FIA to introduce ‘more stringent measures’ for the rollhoops in 2023
The FIA will introduce “more stringent measures” for F1’s rollhoops in 2023, but what exactly those will be has yet to be decided.
Zhou Guanyu miraculously escaped without injury from a horrific crash on the opening lap of this year’s British Grand Prix, the Alfa Romeo flipped onto its rollhoop and Halo.
The rollhoop broke off, leaving just Halo to protect the driver as he slid across the track and through the gravel trap where the car dug in, flipping him over the tyre barrier into the catch fencing.
Zhou was taken by ambulance to the medical centre, thankfully leaving under his own steam a few hours later.
F1’s Technical Advisory Committee met on Thursday to discuss that and other matters with the FIA announcing that new rules regarding the rollhoop will come into effect next season.
An FIA statement read: “The teams confirmed their availability to introduce more stringent measures on the rollhoops for 2023, and the FIA undertook to complete the relevant analyses, and to communicate to the teams new requirements for the safety of the rollhoop.”
What exactly those measures will be has yet to be decided.

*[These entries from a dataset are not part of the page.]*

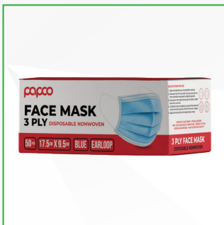
FM-BLU 17.5 CM X 9.5 CM 50 Pcs Carton Packing: 40

Our disposable face masks provide effective protection and comfort for daily use in food service, retail, medical, and industrial environments. Designed for a secure fit and easy breathing, they help maintain hygiene standards while offering a professional appearance. Available in blue and black to suit different workplace needs.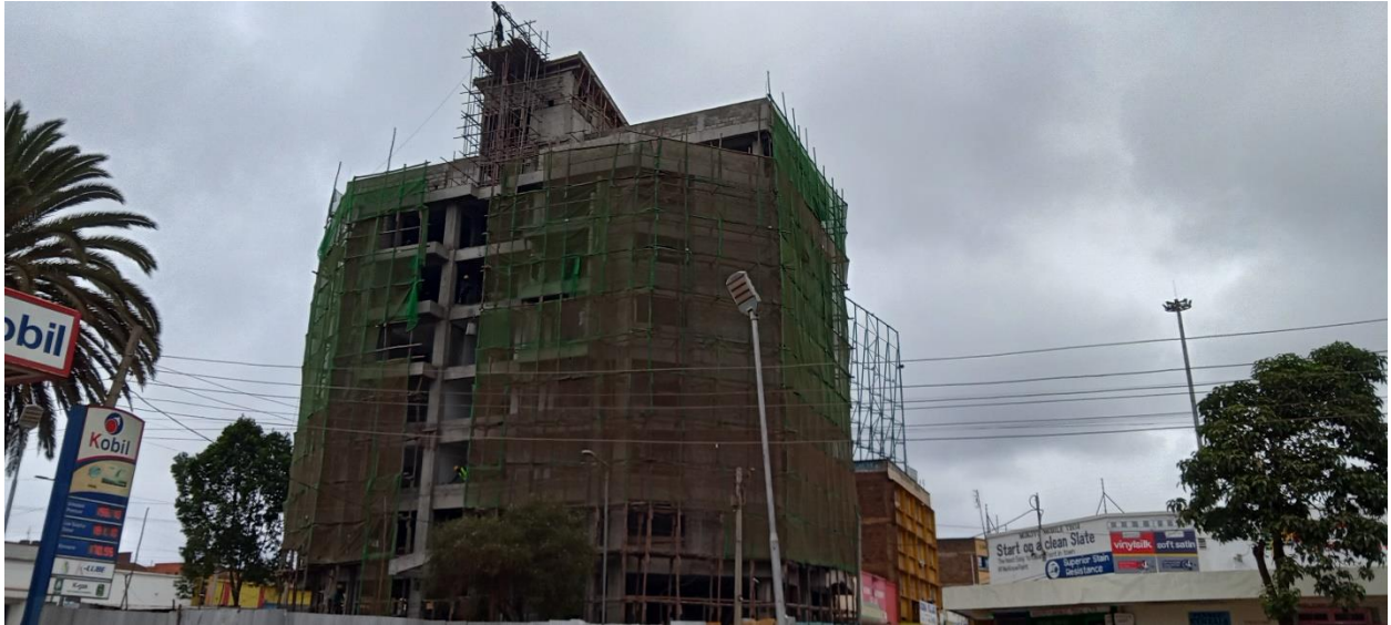
Figure 5: General overview of the site on 25/06/2023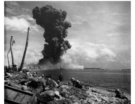
Explosion at Ammunition Storage Facility

STOP #11 NADINE POINT - You are entering the Japanese defensive position code-named Nadine Point by American intelligence officers. The entire area was a honeycomb of interconnected trenches. These trenches, designed to provide support and communications to the large blockhouse, were discovered in 1995 during an archaeological survey of the island. The battleship U.S.S. Maryland provided fire-support to the Marines and many of the marks on the pillbox are from the Maryland's projectiles. Walk around the structure and move south on the dirt road next to the shoreline, then stop at the air raid shelter on your right.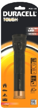
Art 11504 FCS-100 LED 2D 160 Lumen 209mtr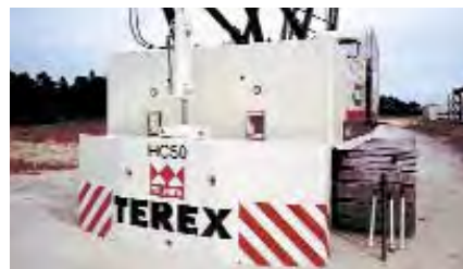
Hydraulic removable counterweight system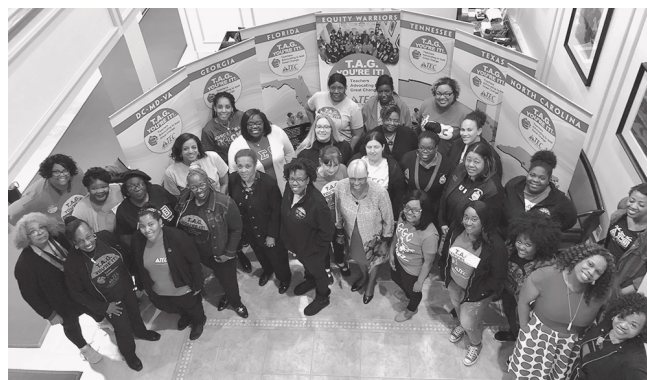
DTEC trained educators participated in the final training session of the TAG Policy Institute on April 5-7, 2019 in Washington, DC.

The Delta Teacher Efficacy Campaign (DTEC) and Teachers Advocating to lead Great change (TAG) will present at the 5th Annual Professional Development Series (PDS) as the kick-off program for the Congressional Black Caucus Foundation Annual Legislative Conference on September 11, 2019 in Washington, D.C. This is the fourth year that DTEC, in collaboration with the American Federation of Teachers, has been invited to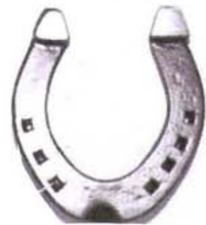
Double calkin Carriage Hind Steel 355mm of 32/12 Nail E8 Holes 7 Width 135mm Length 160mm Bob punch clip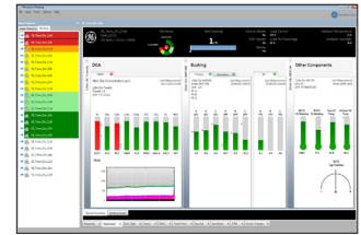
Transformer health/risk overview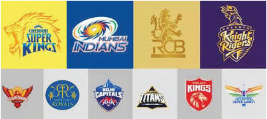
CSK, MI, RCB, and KKR-have exceeded $100 million in brand value for the first time.

India’s bold 2025 sports policy aims to turn grassroots grit into Olympic gold—merging nationalism, education, and economy in a historic play for global sporting power.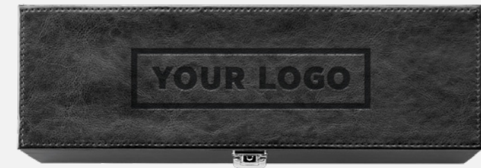
Wine Accessories Box $42.99 Min: 20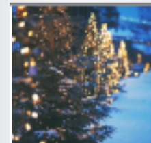
Best Community Christmas Display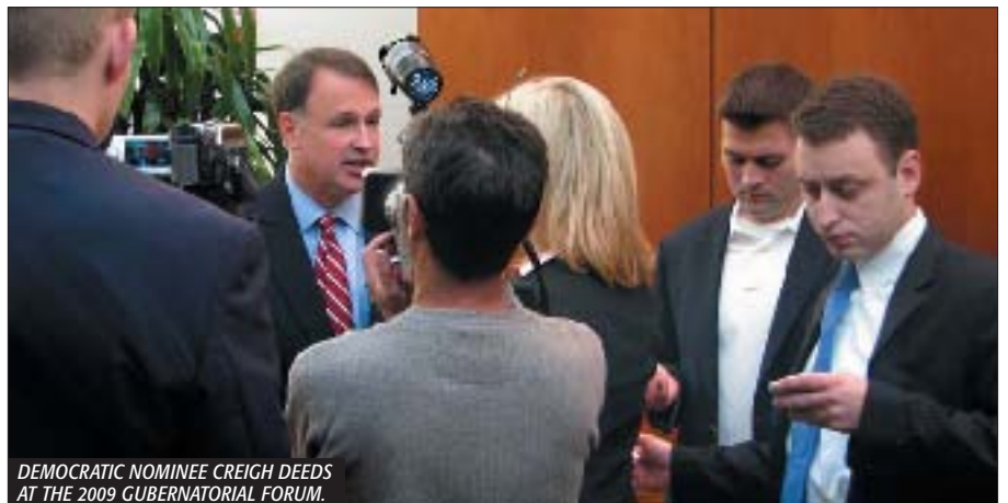
DEMOCRATIC NOMINEE CREIGH DEEDS AT THE 2009 GUBERNATORIAL FORUM.

Zhou says that his roll hoop impact exceeded the FIA requirements.
"I think the first hit was much harder than what they test for the safety test. This was like a few times harder than the actual numbers we want in that."
He said, the team still investigates.#F1 #AustrianGP pic.twitter.com/mWaeguV7Ev
— Ahmet Cir (@AhmetCirF1) July 7, 2022
Alfa Romeo are still investigating the collapse of Zhou’s rollhoop.
“It’s still under investigation, and we’ll share all the information about the crash with the FIA,” said team boss Fred Vasseur.
“The first [issue] is that the crash was something like two times more than the load of the crash test.
“I don’t know if you had the look on the tarmac, but we dug a groove into the tarmac something like four or five centimetres deep.
“It doesn’t matter the level of the crash test, you can always find something a bit bigger, and we’ll have to take action on our side and with the FIA to see how we can improve safety.”
As for the driver, he says his first hit when his car was flipped was harder than what the safety test mandates.
“I think the first hit was much harder than what [the team] investigated through the safety test, a few times harder than the numbers we want,” Zhou said.
“So that’s obviously created a problem.”